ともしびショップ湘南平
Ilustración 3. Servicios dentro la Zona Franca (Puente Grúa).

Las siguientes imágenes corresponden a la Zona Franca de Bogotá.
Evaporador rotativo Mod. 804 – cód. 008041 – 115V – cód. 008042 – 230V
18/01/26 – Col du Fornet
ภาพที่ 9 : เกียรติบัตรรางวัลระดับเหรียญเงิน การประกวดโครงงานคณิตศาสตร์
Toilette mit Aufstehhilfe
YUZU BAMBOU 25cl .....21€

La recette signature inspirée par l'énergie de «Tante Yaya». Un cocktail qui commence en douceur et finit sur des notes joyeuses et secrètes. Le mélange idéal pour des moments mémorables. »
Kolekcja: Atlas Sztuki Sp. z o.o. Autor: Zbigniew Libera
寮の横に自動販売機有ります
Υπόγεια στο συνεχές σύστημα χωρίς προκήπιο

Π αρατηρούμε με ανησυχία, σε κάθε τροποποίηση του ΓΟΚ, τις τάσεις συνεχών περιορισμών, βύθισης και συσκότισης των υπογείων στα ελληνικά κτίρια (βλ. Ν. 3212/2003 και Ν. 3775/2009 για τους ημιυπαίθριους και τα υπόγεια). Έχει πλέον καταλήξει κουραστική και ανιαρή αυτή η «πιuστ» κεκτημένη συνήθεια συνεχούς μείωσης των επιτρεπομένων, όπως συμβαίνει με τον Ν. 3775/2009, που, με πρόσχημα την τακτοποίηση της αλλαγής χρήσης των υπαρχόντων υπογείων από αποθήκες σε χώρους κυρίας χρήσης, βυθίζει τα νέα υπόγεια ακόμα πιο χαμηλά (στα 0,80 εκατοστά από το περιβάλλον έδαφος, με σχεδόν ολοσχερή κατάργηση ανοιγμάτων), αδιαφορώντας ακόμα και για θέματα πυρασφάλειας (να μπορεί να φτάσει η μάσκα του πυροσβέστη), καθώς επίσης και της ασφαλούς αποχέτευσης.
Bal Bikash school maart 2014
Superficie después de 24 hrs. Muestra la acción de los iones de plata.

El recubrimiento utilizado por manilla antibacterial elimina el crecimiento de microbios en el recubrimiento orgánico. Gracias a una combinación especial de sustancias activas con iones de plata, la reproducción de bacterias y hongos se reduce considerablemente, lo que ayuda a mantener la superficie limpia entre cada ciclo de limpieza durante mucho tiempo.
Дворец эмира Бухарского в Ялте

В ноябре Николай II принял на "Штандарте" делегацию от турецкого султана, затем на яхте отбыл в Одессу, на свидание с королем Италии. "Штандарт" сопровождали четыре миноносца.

PROBLEM REQUIREMENTS — Please transcribe the data above without changes, from its first line to its "Дворец эмира Бухарского в Ялте" line, and leave out anything past that.

EXPECTED ANSWER —
ともしびショップ湘南平
Ilustración 3. Servicios dentro la Zona Franca (Puente Grúa).

Las siguientes imágenes corresponden a la Zona Franca de Bogotá.
Evaporador rotativo Mod. 804 – cód. 008041 – 115V – cód. 008042 – 230V
18/01/26 – Col du Fornet
ภาพที่ 9 : เกียรติบัตรรางวัลระดับเหรียญเงิน การประกวดโครงงานคณิตศาสตร์
Toilette mit Aufstehhilfe
YUZU BAMBOU 25cl .....21€

La recette signature inspirée par l'énergie de «Tante Yaya». Un cocktail qui commence en douceur et finit sur des notes joyeuses et secrètes. Le mélange idéal pour des moments mémorables. »
Kolekcja: Atlas Sztuki Sp. z o.o. Autor: Zbigniew Libera
寮の横に自動販売機有ります
Υπόγεια στο συνεχές σύστημα χωρίς προκήπιο

Π αρατηρούμε με ανησυχία, σε κάθε τροποποίηση του ΓΟΚ, τις τάσεις συνεχών περιορισμών, βύθισης και συσκότισης των υπογείων στα ελληνικά κτίρια (βλ. Ν. 3212/2003 και Ν. 3775/2009 για τους ημιυπαίθριους και τα υπόγεια). Έχει πλέον καταλήξει κουραστική και ανιαρή αυτή η «πιuστ» κεκτημένη συνήθεια συνεχούς μείωσης των επιτρεπομένων, όπως συμβαίνει με τον Ν. 3775/2009, που, με πρόσχημα την τακτοποίηση της αλλαγής χρήσης των υπαρχόντων υπογείων από αποθήκες σε χώρους κυρίας χρήσης, βυθίζει τα νέα υπόγεια ακόμα πιο χαμηλά (στα 0,80 εκατοστά από το περιβάλλον έδαφος, με σχεδόν ολοσχερή κατάργηση ανοιγμάτων), αδιαφορώντας ακόμα και για θέματα πυρασφάλειας (να μπορεί να φτάσει η μάσκα του πυροσβέστη), καθώς επίσης και της ασφαλούς αποχέτευσης.
Bal Bikash school maart 2014
Superficie después de 24 hrs. Muestra la acción de los iones de plata.

El recubrimiento utilizado por manilla antibacterial elimina el crecimiento de microbios en el recubrimiento orgánico. Gracias a una combinación especial de sustancias activas con iones de plata, la reproducción de bacterias y hongos se reduce considerablemente, lo que ayuda a mantener la superficie limpia entre cada ciclo de limpieza durante mucho tiempo.
Дворец эмира Бухарского в Ялте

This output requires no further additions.